__Supplied information__:
---*---

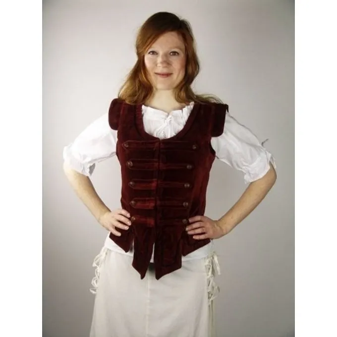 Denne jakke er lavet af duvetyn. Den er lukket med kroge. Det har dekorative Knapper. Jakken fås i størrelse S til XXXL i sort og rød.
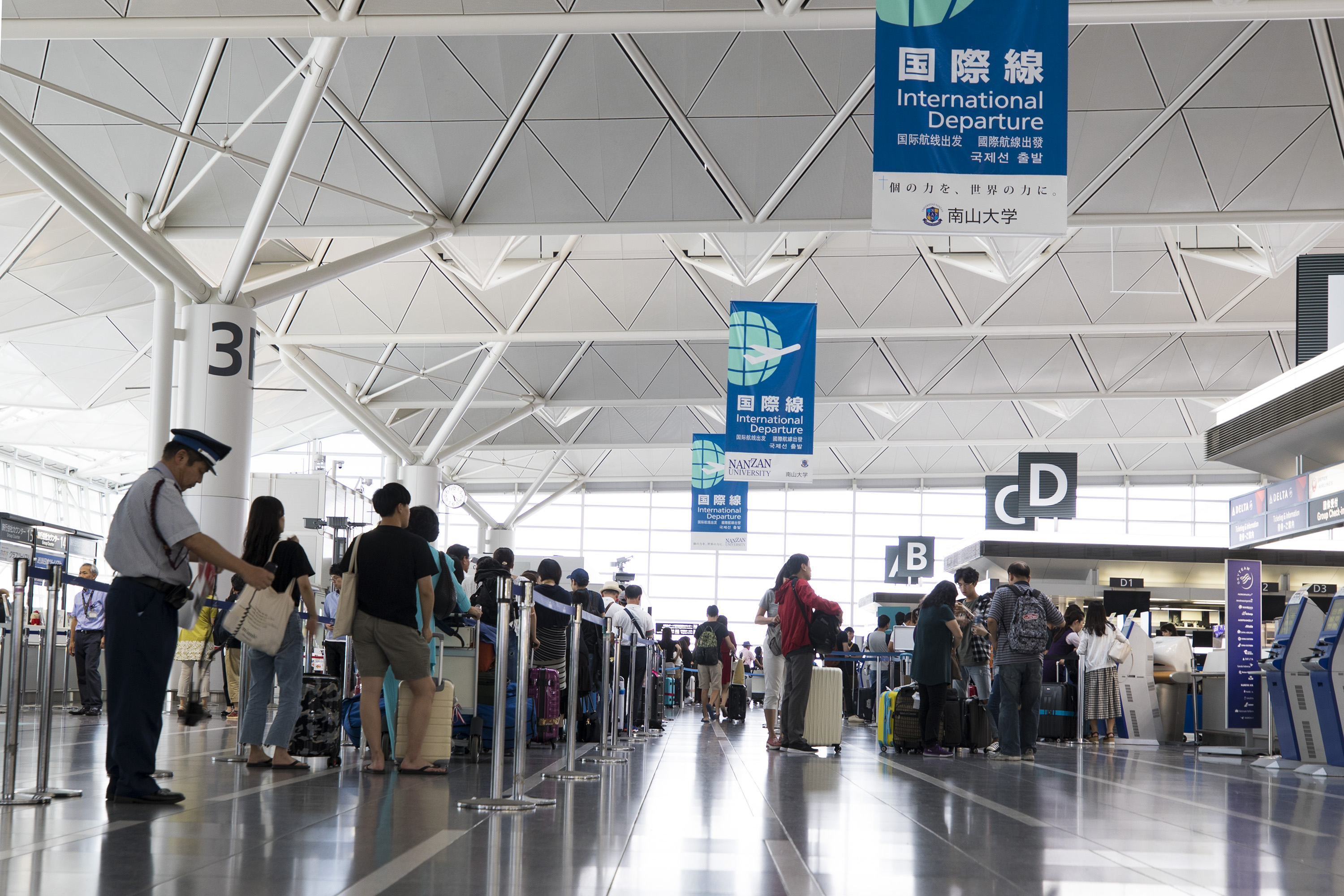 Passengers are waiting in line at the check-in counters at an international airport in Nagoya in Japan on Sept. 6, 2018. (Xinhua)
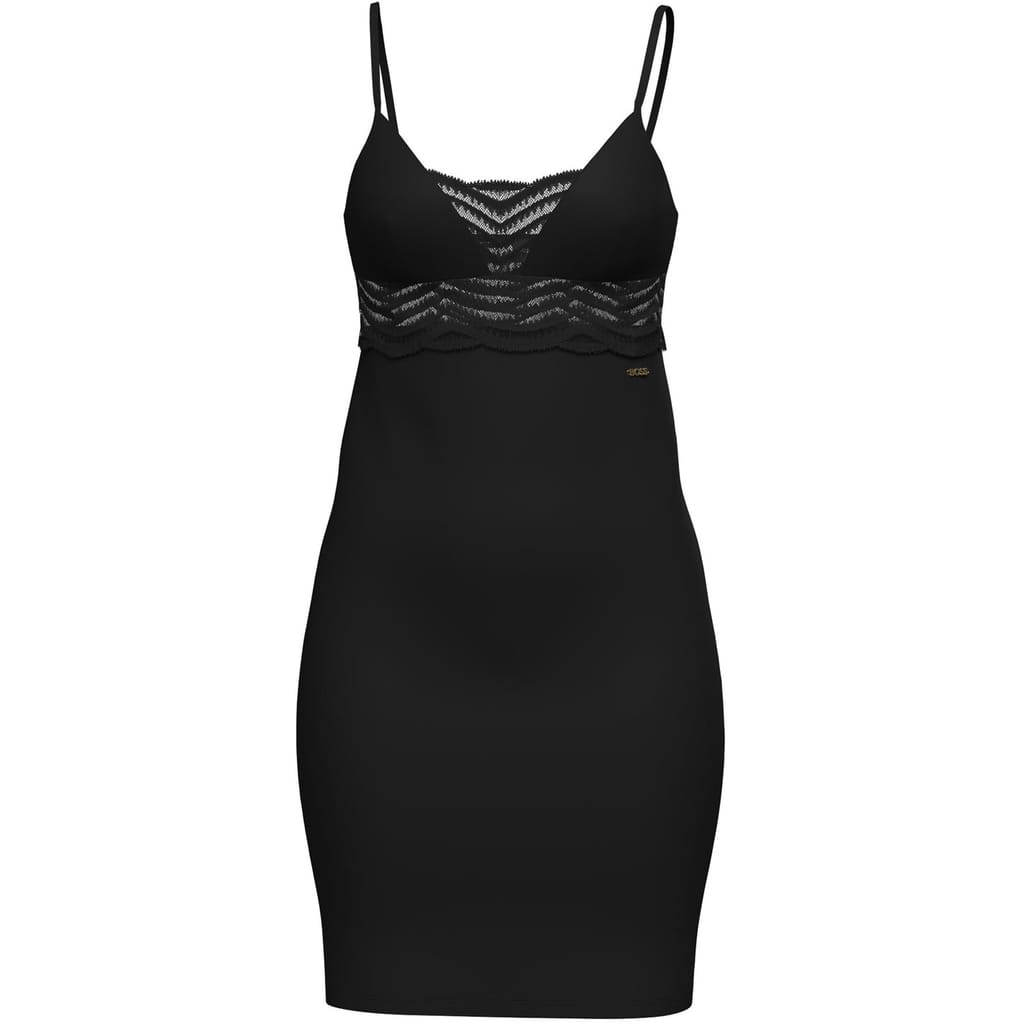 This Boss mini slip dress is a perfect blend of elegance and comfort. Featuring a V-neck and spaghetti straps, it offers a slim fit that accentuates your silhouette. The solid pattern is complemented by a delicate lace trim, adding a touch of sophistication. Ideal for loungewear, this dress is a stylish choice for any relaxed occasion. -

---*---

__Problem to solve__: Apart from the images, every line above needs to be printed again exactly.

__Solution to this exercise__:
 Denne jakke er lavet af duvetyn. Den er lukket med kroge. Det har dekorative Knapper. Jakken fås i størrelse S til XXXL i sort og rød.
 Passengers are waiting in line at the check-in counters at an international airport in Nagoya in Japan on Sept. 6, 2018. (Xinhua)
 This Boss mini slip dress is a perfect blend of elegance and comfort. Featuring a V-neck and spaghetti straps, it offers a slim fit that accentuates your silhouette. The solid pattern is complemented by a delicate lace trim, adding a touch of sophistication. Ideal for loungewear, this dress is a stylish choice for any relaxed occasion. -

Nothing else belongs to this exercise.